Per due settimane consecutive hanno riunito a Roma una cinquantina di esponenti di vario livello - da Fini e i ministri giù giù fino al semplice iscritto - diversi anche per sesso, età, occupazione. Rappresentativi, insomma, dell'universo post-missino. A loro, nel corso di due focus-group, hanno posto una serie di domande dettagliate, prendendo accuratamente nota delle risposte, su aspettative, obiettivi, orientamenti, facendo molta attenzione a che tutto non si risolvesse in uno sfogatoio di sogni impossibili. Sono emersi i paletti entro cui dovrà muoversi la destra nei prossimi tre mesi.
Primo: "Inutile pompare troppo Fini in campagna elettorale se poi tanto il simbolo da votare è quello di An". Il che non vuol dire, come pure qualcuno aveva già proposto, mettere il nome del vicepremier sulla scheda elettorale, bensì "avvicinare di più il partito a Fini". Altro problema emerso chiaramente: "Bisogna scongiurare ad ogni costo che la campagna elettorale si trasformi in un referendum Berlusconi-Prodi, perché sennò gli altri partiti rischiano di fare la fine dei vasi di coccio fra i due vasi di ferro". E ancora: "An arriva sempre spompata alla fine delle campagne elettorali, invece deve imparare a dosare meglio le energie".
Per dimostrare, allora, che An è sul serio una forza moderata ed europea che sa stare al passo col suo leader moderato ed europeo, Fini e il partito hanno in agenda da qui alle elezioni quindici appuntamenti "a tema" in giro per l'Italia. Si parte subito. Martedì 10 il vicepremier sarà a Padova per celebrare alla fondazione Perlasca il ricordo delle vittime delle Foibe.

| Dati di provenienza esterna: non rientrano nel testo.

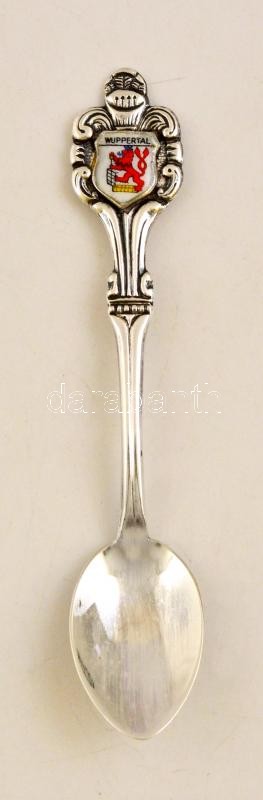 Leírás: Ezüst(Ag) "Wuppertal" címeres zománcozott kiskanál, jelzett, h: 11 cm, bruttó: 12,1 g

Lo stesso giorno alla Camera si vota la proposta di legge di An per istituire la giornata della memoria per Istria e Dalmazia, e in tutti i capoluoghi il partito organizzerà degli "An-point" che rilanceranno nelle piazze l'iniziativa. Seguiranno giornate su droga, scuola, sicurezza, pensioni, risparmio (naturalmente, a Parma), immigrazione e tutto il resto. Insomma, le cose da dire non mancano, il problema, confessa La Russa, è semmai riuscire a comunicare capillarmente questo patrimonio. "Senza lifting...", ha sorriso malizioso Fini, strappando una risata liberatoria ai suoi. La sfida, come si diceva, è cominciata.